Scientists at Northumbria University along with researchers from the University of Sheffield and Queen's University Belfast, report using cutting-edge solar-imaging technology to observe the Sun's chromosphere -- a region of the Sun's atmosphere sandwiched between its surface (photosphere) and outer layer (corona).
Scientists have long been puzzled by why some stars possess a corona almost 200 times hotter than their photosphere despite being further away from the heat source at the star's core.
The commonly accepted theory is that the increased temperature is due to magnetohydrodynamic waves that pump energy generated below the star's surface to the outer layers of the sun's atmosphere.

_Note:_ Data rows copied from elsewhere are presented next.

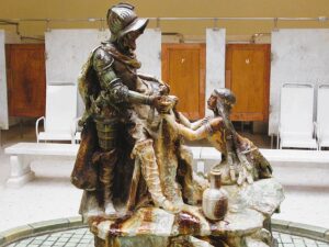 The Fordyce visitor center was the most elegant of the bathhouses, rivaling those found in Europe. Patrons lounged at bowling lanes, a billiard room, a gymnasium, and a roof garden. At the Renaissance Revival building, the massive skylight is a highlight, with the DeSoto fountain directly below.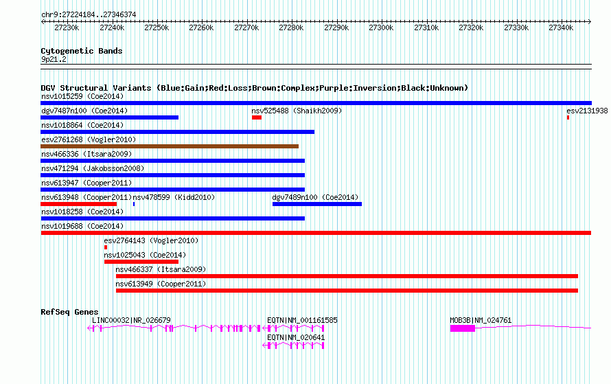 | | Variant Type | CNV loss | | Copy Number | | | Allele State | | | Allele Origin | | | Probe Count | | | Validation Flag | | | Merged Status | M | | Merged Variants | | | Supporting Variants | nssv3692016 | | Samples | | | Known Genes | EQTN, LINC00032, MOB3B | | Method | SNP array | | Analysis | Affymetrix SNP array copy number analysis | | Platform | Affymetrix SNP Array 6.0 | | Comments | | | Reference | Coe_et_al_2014 | | Pubmed ID | 25217958 | | Accession Number(s) | nsv1019688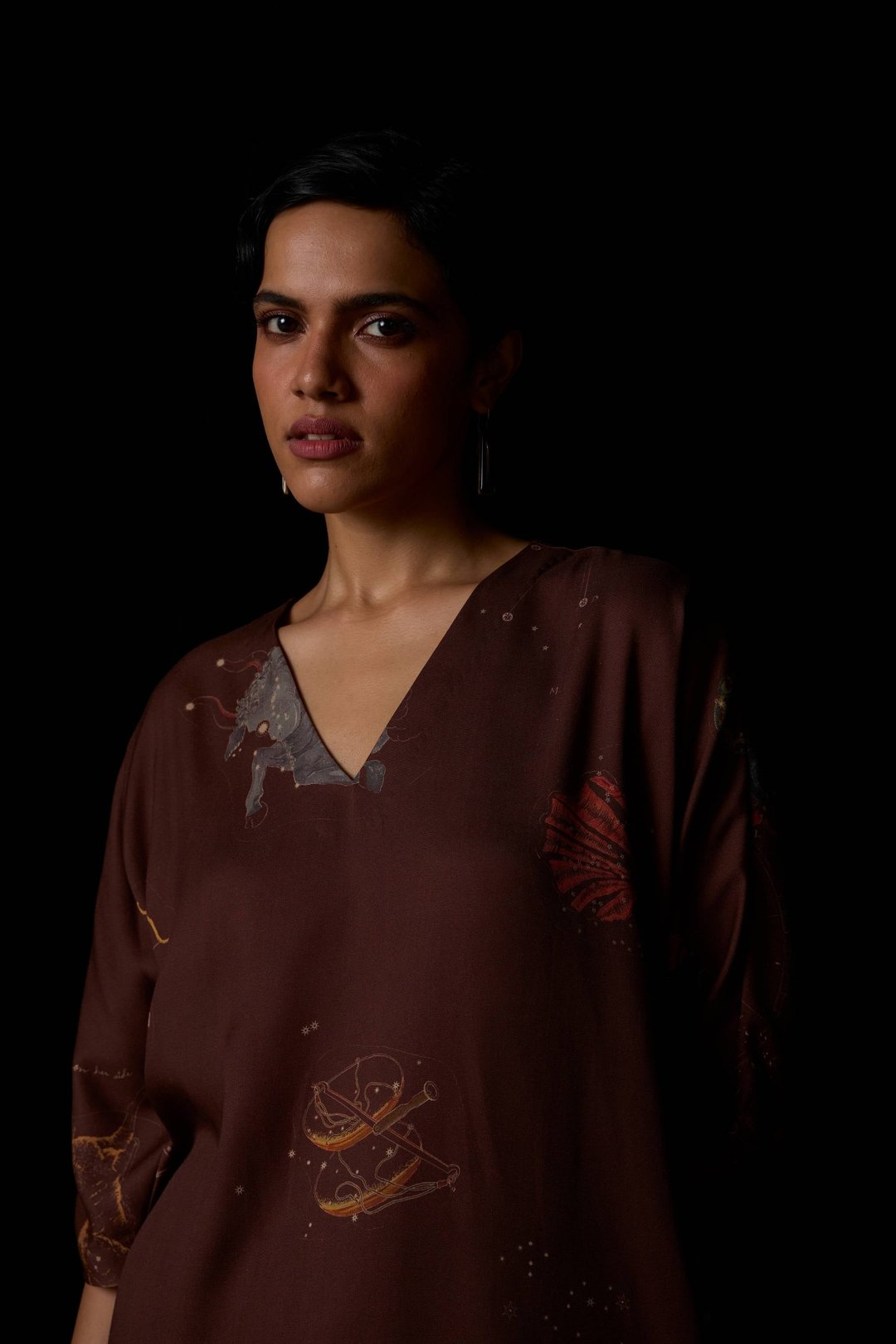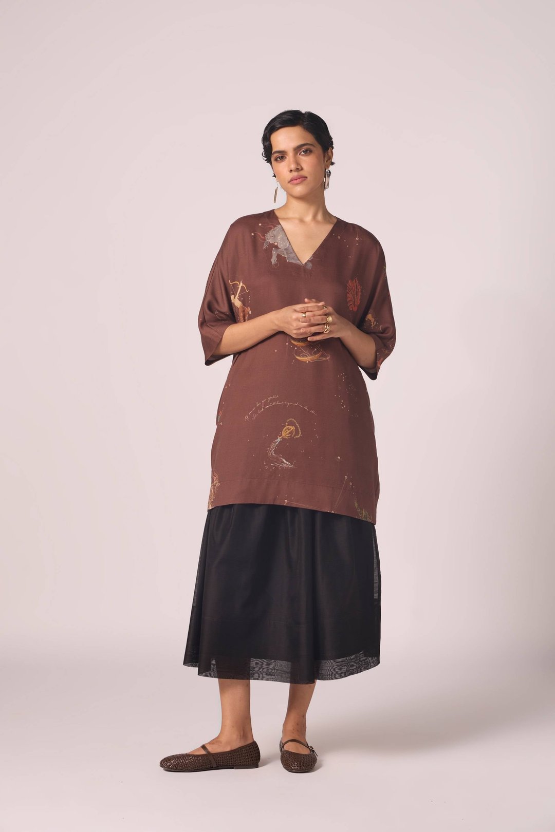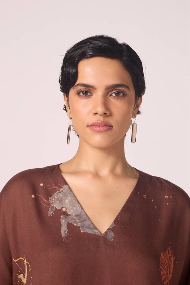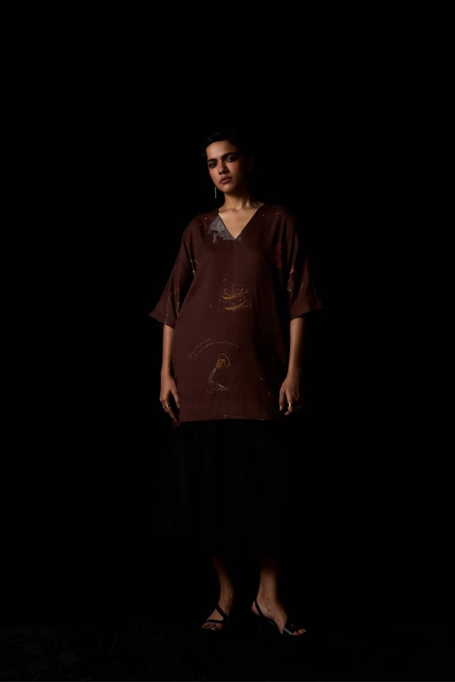 Stad Brown Zodiac Print Shift Dress

The researchers used a British-designed dedicated solar-imaging telescope to obtain some of the highest resolution images of the chromosphere ever gathered, allowing them to estimate the speed and power of the waves and the amount of energy they transport.
"Stars generate heat through thermonuclear reactions in their core and the temperature decreases towards the star's surface," Northumbria researcher Richard Morton said. "However, a significant number of stars have higher temperatures at the outer edges of their atmospheres than they do on their surface.
The new study suggests waves could be responsible for transporting energy from below the solar surface, out through the chromosphere and into the corona, heating the outer layers in excess of 1 million degrees, he said.
"Our observations have permitted us to estimate the amount of energy transported by the magnetic waves, and these estimates reveal that the waves' energy meets the energy requirement for the unexplained temperature increase in the corona."